◆ Task to complete: Could you restate word for word every line from the one containing "Zwei Ausstellungen informierten" to the end of the data below, pictures excluded?
──────── Data block
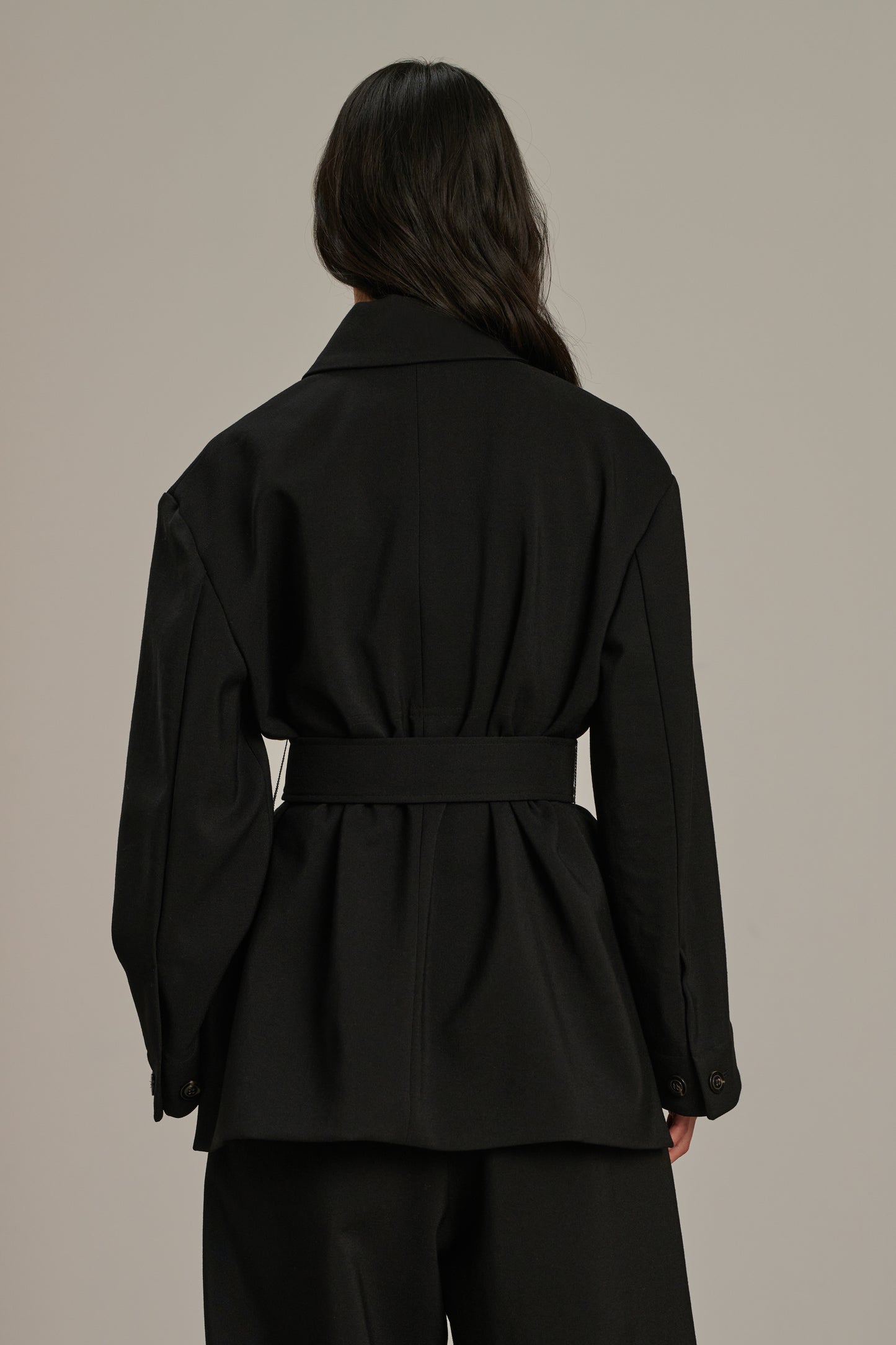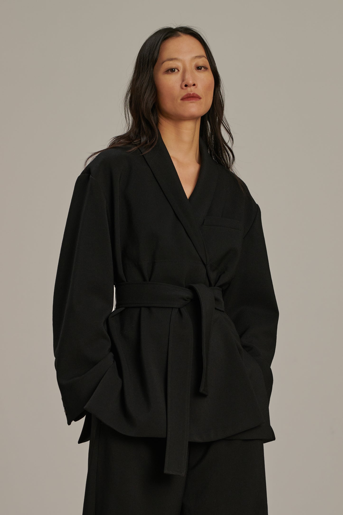 COME es una chaqueta en tejido de polvo ligero de un tipo novedoso. Con un corte tipo "bata" desenfadado, se realza por el uso de un tejido elegante.
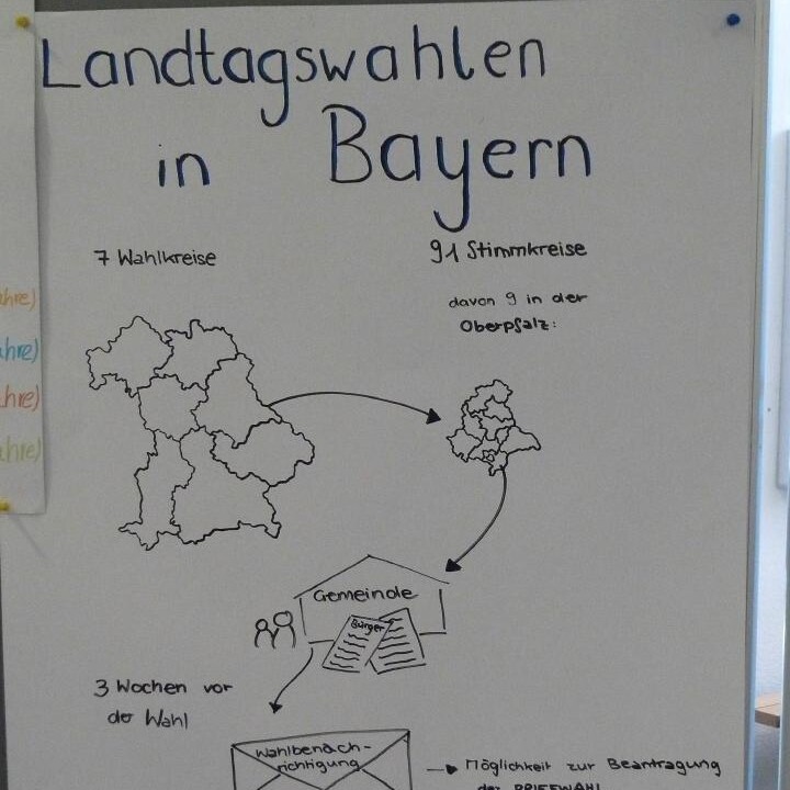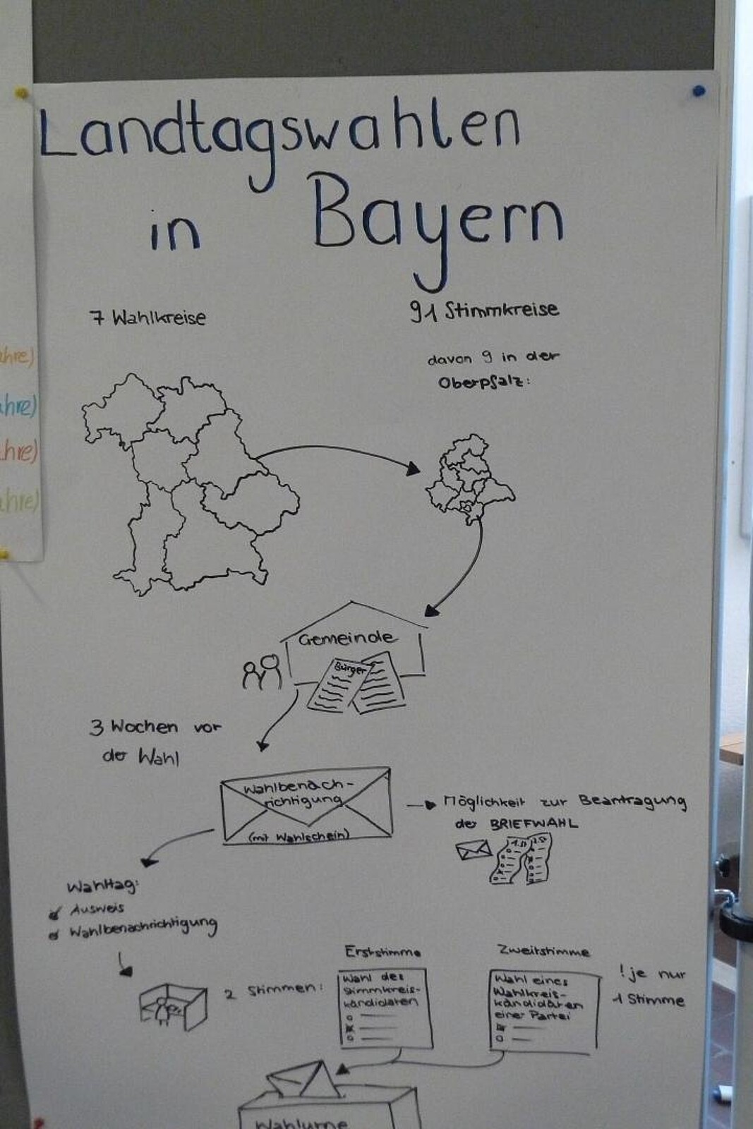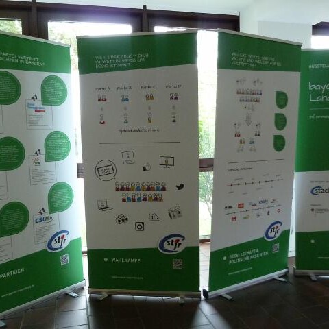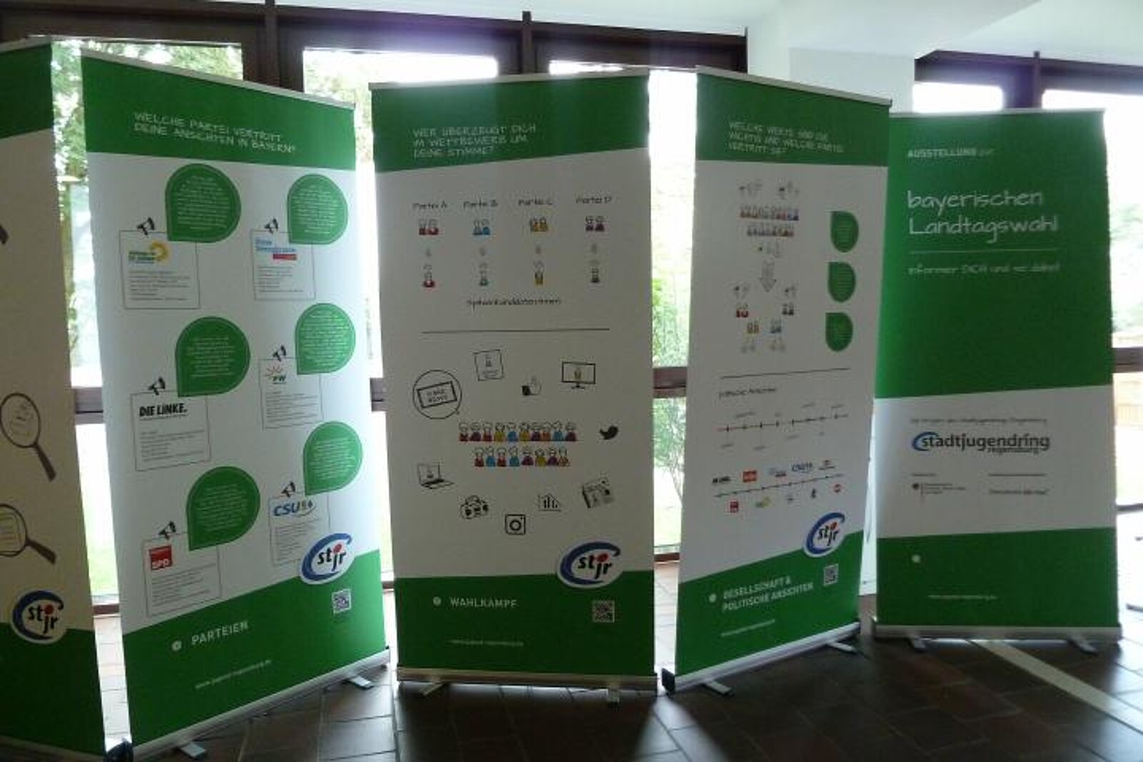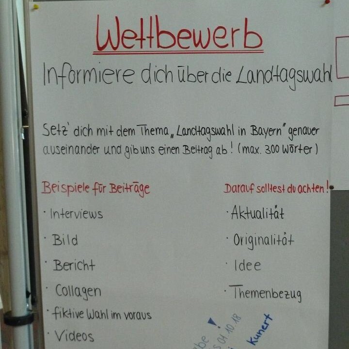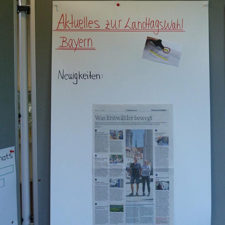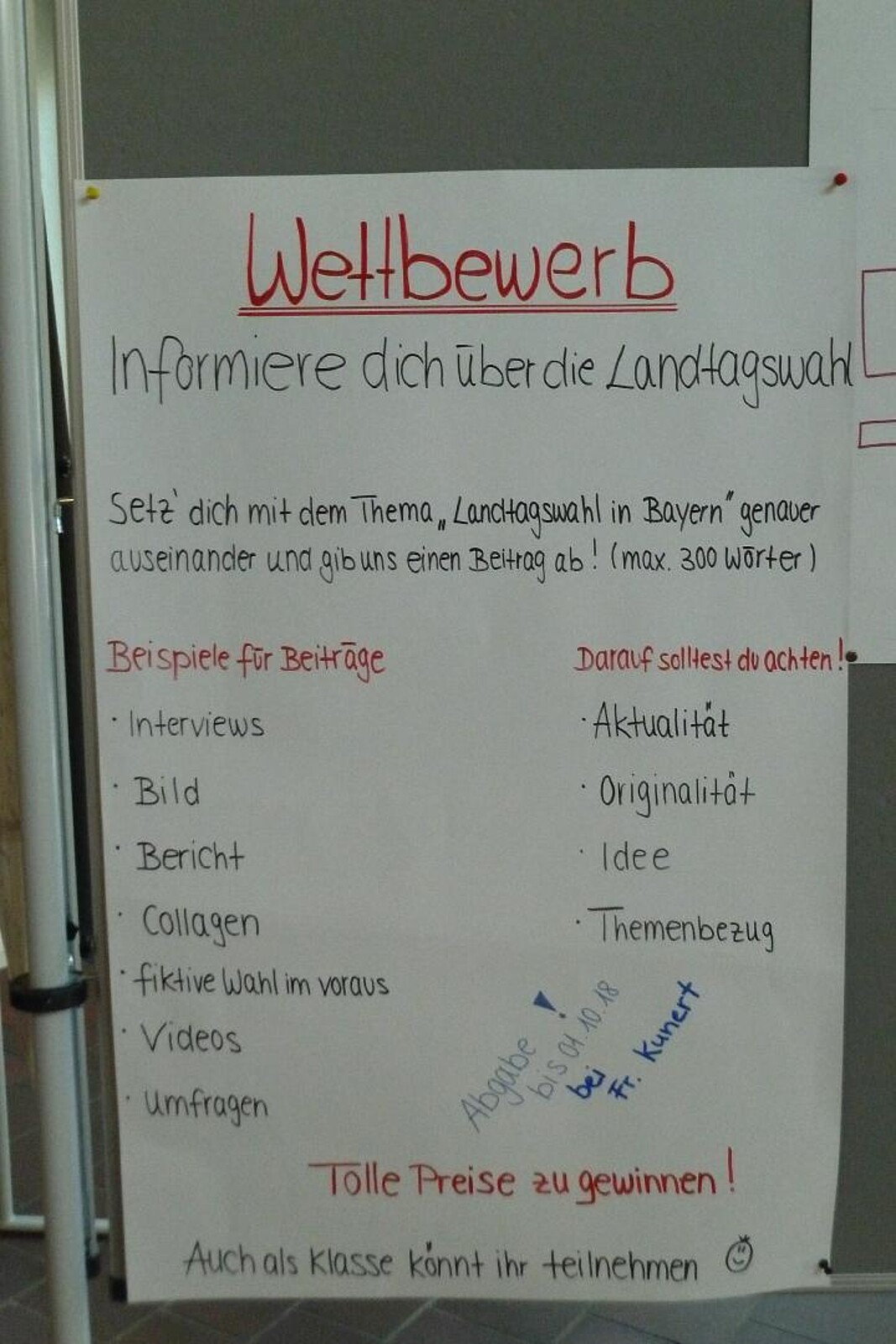 Zwei Ausstellungen informierten in der Pausenhalle über die Landtagswahl in Bayern. Die erste Ausstellung gestaltete der Sk-Kurs von Frau Kunert. Stets wurden aktuelle Zeitungsartikel ausgehängt, um die Mitschülerinnen auf den neuesten Stand zu bringen. Eine Wanderausstellung des Stadtjugendrings, die eine Woche in der Pausenhalle gezeigt wurde, ergänzte die selbst gestalteten Plakate der Q 12.
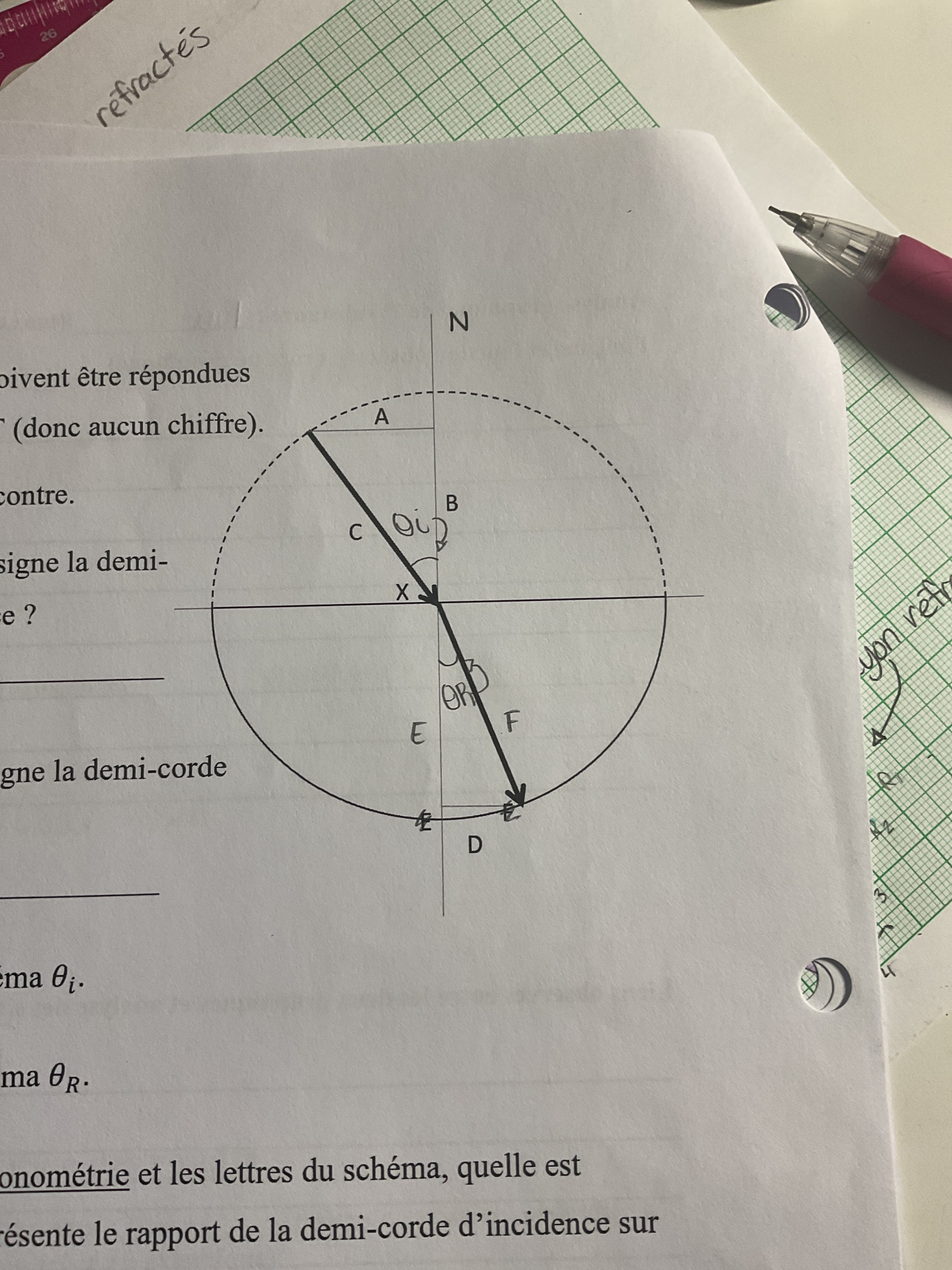 Secondaire 5 • 1aJe fais un laboratoire en physique sur la réfraction et à la fin du rapport il y a une section de question à laquelle nous devons répondre algébriquement seulement. Une des questions est celle-ci :
────────────────
◆ Result of the exercise:
 Zwei Ausstellungen informierten in der Pausenhalle über die Landtagswahl in Bayern. Die erste Ausstellung gestaltete der Sk-Kurs von Frau Kunert. Stets wurden aktuelle Zeitungsartikel ausgehängt, um die Mitschülerinnen auf den neuesten Stand zu bringen. Eine Wanderausstellung des Stadtjugendrings, die eine Woche in der Pausenhalle gezeigt wurde, ergänzte die selbst gestalteten Plakate der Q 12.
 Secondaire 5 • 1aJe fais un laboratoire en physique sur la réfraction et à la fin du rapport il y a une section de question à laquelle nous devons répondre algébriquement seulement. Une des questions est celle-ci :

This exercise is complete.